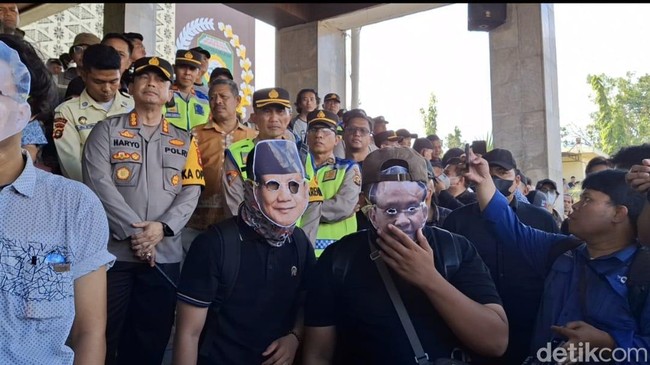 Pantauan detikSumbagsel, Kamis (22/8) beberapa mahasiswa maju ke depan dan berdiri membelakangi ketua komisi 5 DPRD Sumsel Susanto Adjis. Mereka menggunakan topeng wajah Prabowo Subianto, Bobby Nasution, hingga Bahlil Lahadalia.
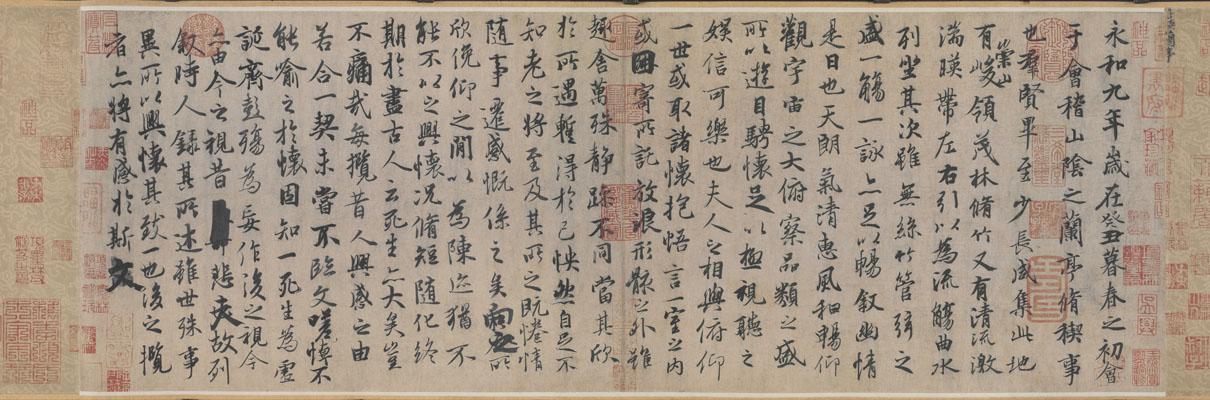 《蘭亭序》是永和九年(353年)三月初三王羲之為蘭亭雅集所撰寫的一篇序文。是日也,王羲之與謝安、孫綽等41位文人雅士到山陰蘭亭(今浙江紹興)行“修楔”之禮,以除晦氣。大家在“崇山峻岭、茂林修行”、“清流激湍”、“天朗氣清、惠風和暢”的優雅環境中暢敘幽情,飲酒作詩26首,眾人公推王羲之為此次雅集作序。書聖乘著酒興,用鼠須筆在蠶繭紙上一揮而就,一件千古傑作就在不經意之間誕生了。《蘭亭序》不光是書法史上的傑作,也是文學史上的一篇美文,作品的藝術格調和文學意境相得益彰,歷代書家莫不頂禮膜拜。
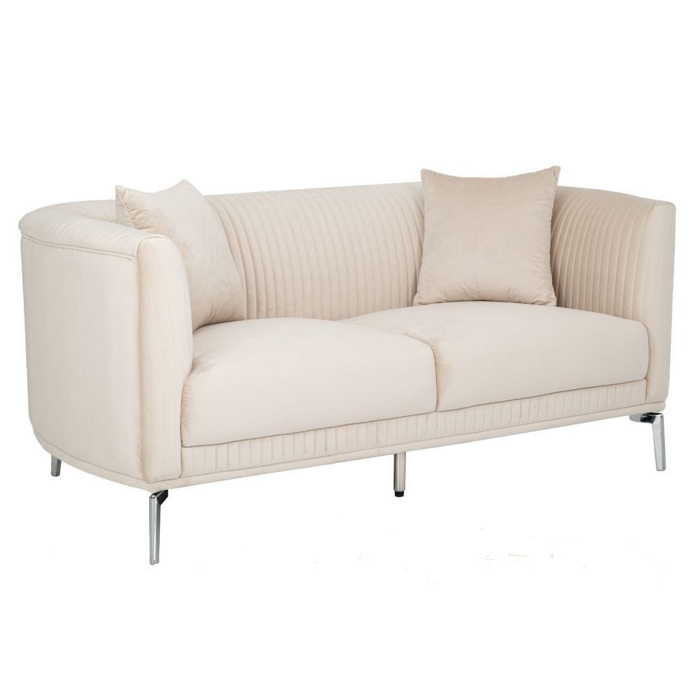 Διθέσιος καναπές σε κρεμ χρώμα διαστάσεων 170Χ96Χ73εκ. Διαθέτει μεταλλικό σκελετό με ασημένια πόδια τα οποία χρειάζονται συναρμολόγηση και είναι επενδυμένος με βελούδινο ύφασμα.
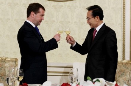俄韓兩國經(jīng)濟互動近年來大幅改善,尤其是在高技術(shù)交流領(lǐng)域。韓國貿(mào)易協(xié)會最新數(shù)據(jù)顯示,2010年前9個月雙邊貿(mào)易達到124億美元,較2009年全年增加兩成。而梅德韋杰夫則預(yù)估,俄韓雙邊貿(mào)易量將突破170億美元。
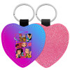 Huntrix Kpop Girls, Μπρελόκ PU δερμάτινο glitter καρδιά ΡΟΖ
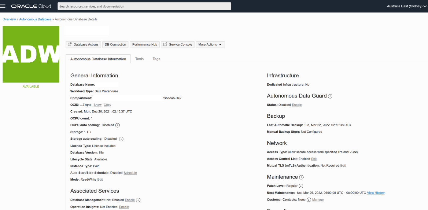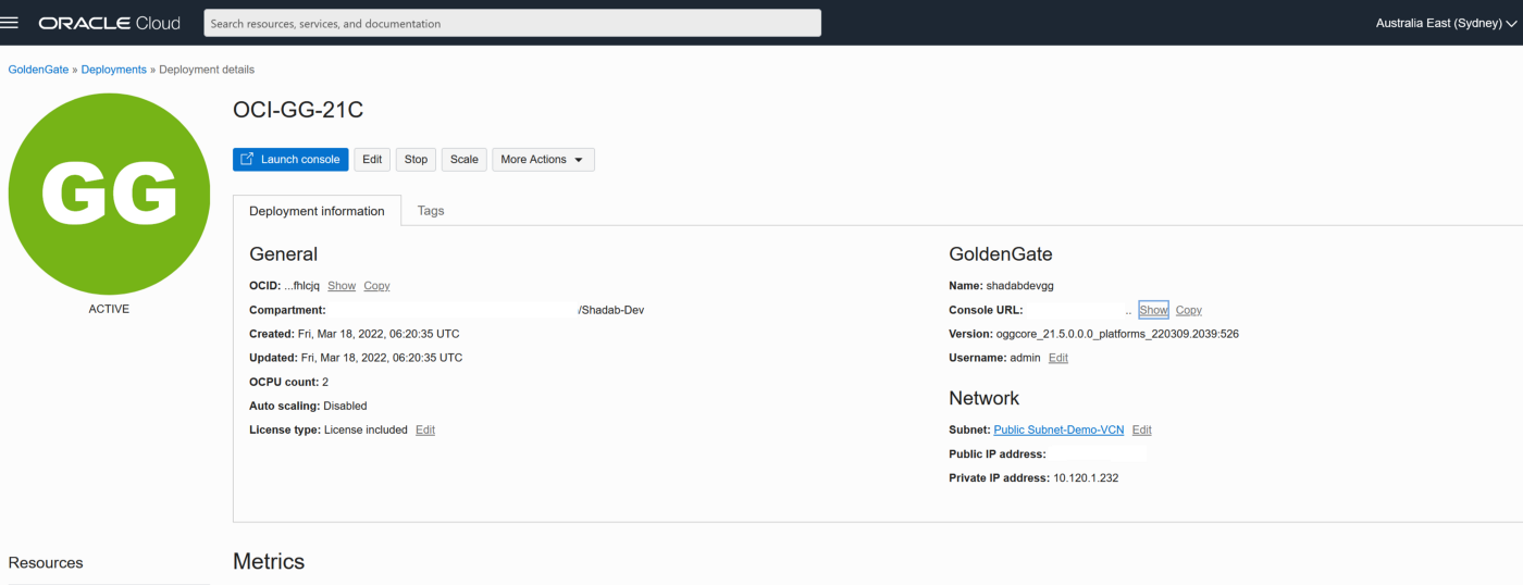 ssh opc@10.180.2.222

══════════════════════════════

Directions for this task:
Print exactly the line containing "Διθέσιος καναπές σε" and every line after it through the final line above, and leave all pictures out.

Result for this task:
 Διθέσιος καναπές σε κρεμ χρώμα διαστάσεων 170Χ96Χ73εκ. Διαθέτει μεταλλικό σκελετό με ασημένια πόδια τα οποία χρειάζονται συναρμολόγηση και είναι επενδυμένος με βελούδινο ύφασμα.
俄韓兩國經(jīng)濟互動近年來大幅改善,尤其是在高技術(shù)交流領(lǐng)域。韓國貿(mào)易協(xié)會最新數(shù)據(jù)顯示,2010年前9個月雙邊貿(mào)易達到124億美元,較2009年全年增加兩成。而梅德韋杰夫則預(yù)估,俄韓雙邊貿(mào)易量將突破170億美元。
 Huntrix Kpop Girls, Μπρελόκ PU δερμάτινο glitter καρδιά ΡΟΖ
 ssh opc@10.180.2.222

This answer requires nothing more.